Nampak Zimbabwe Limited sales volumes improved by 23% on the back of firm demand for commercial cartons in the printing and converting segment.
In a trading update for the quarter ended 30 September 2021, Managing Director, John Van Gend said revenue and trading income results in historical terms were significantly up in all three operating units, boosted by volume growth and inflationary price adjustments.
“The group continued to be cash positive with tight treasury and cash flow management” he said.

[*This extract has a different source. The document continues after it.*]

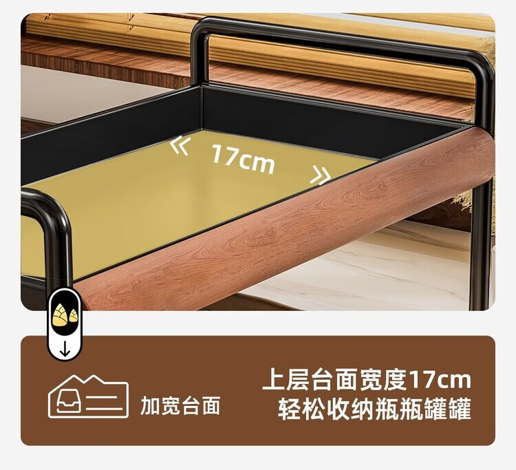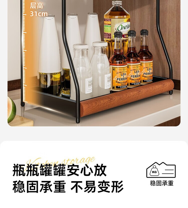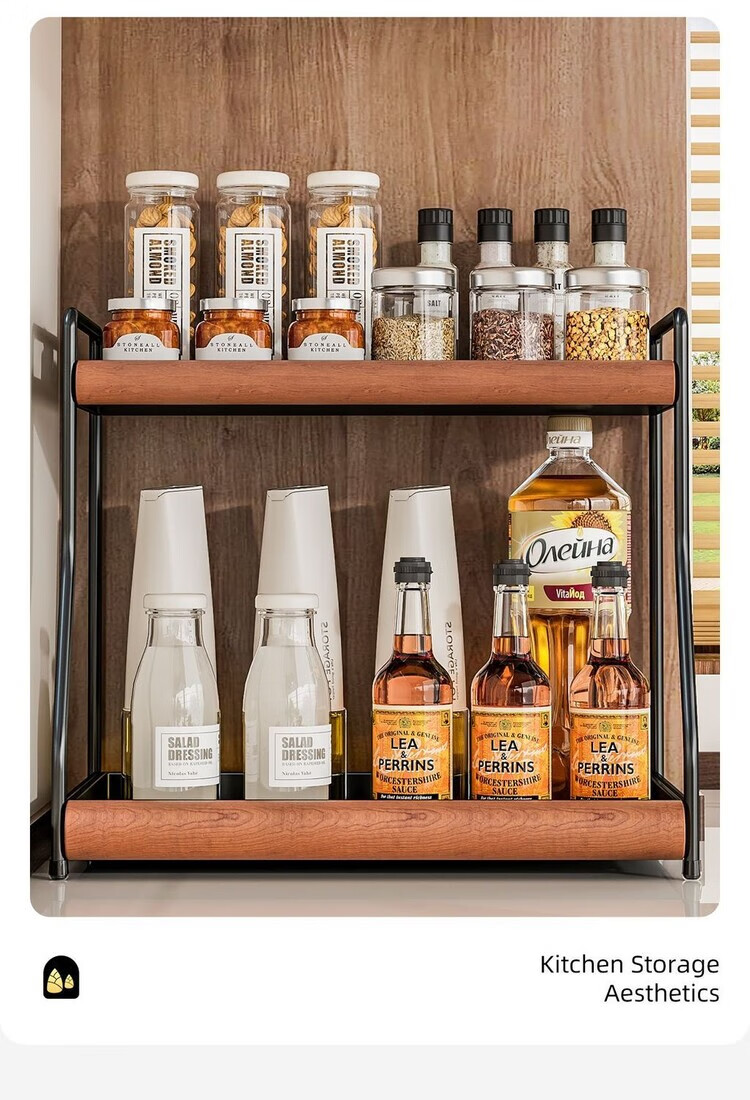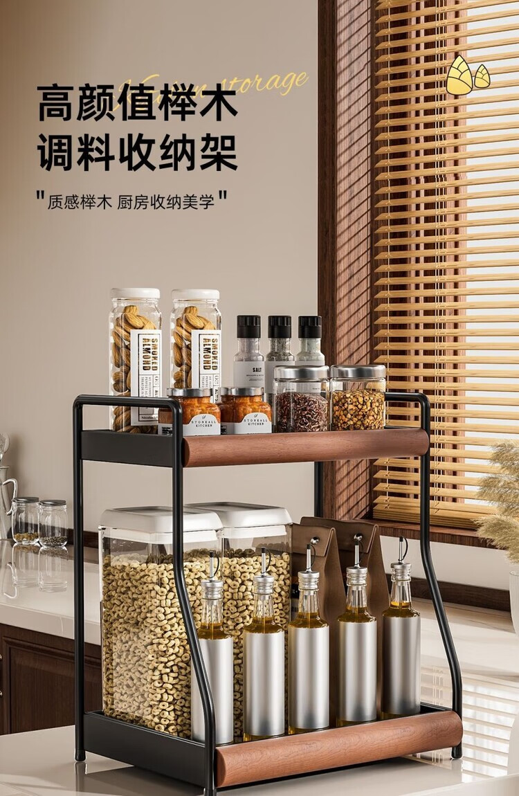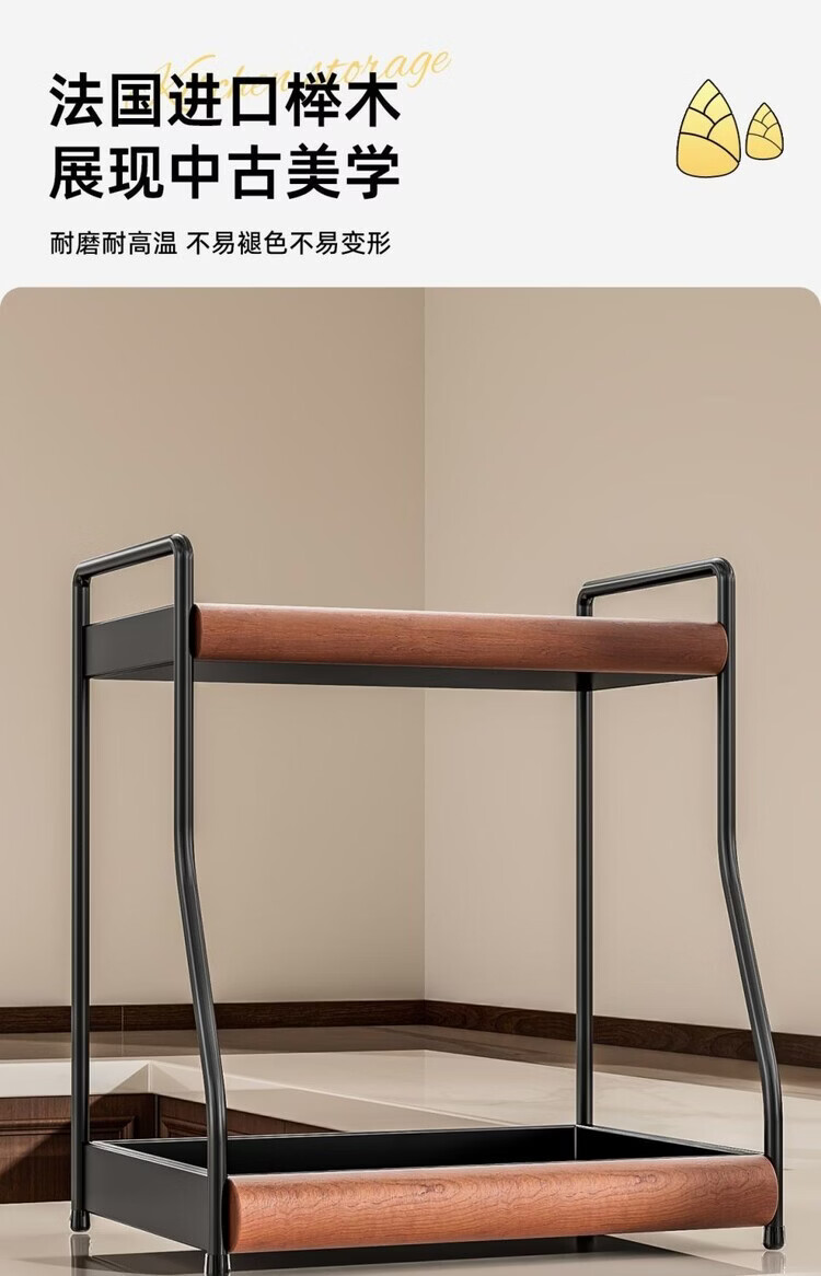 简漾中古风厨房调料品置物架家用台面双层多功能调味料油盐酱醋收纳架 中古风加厚碳钢进口榉木结合/高级有质感 32cm长

Van Gend said demand for commercial cartons throughout the year for both Hunyani Corrugated and Hunyani Cartons and Labels Divisions improved. Growth in tobacco cartons was higher on the back of an improved tobacco crop, but was curtailed by raw material supply constraints in the fourth quarter. Regional exports were marginally lower.
In the Plastics and Metals segment, the full year sales volumes for Mega Pak increased by 68% compared to the previous year mainly attributable to strong demand across all product categories and improved raw material availability.
During this quarter the group’s exports recovered in the regional markets following the relaxation of COVID-19 restrictions to benefit the Group’s operations.
In addition, sales volumes for the full year for CarnaudMetalbox grew by 31% compared to the prior year. The improvement was driven by strong volume growth in the HDPE category with a marginal improvement in metals. However, closure volumes were slightly down.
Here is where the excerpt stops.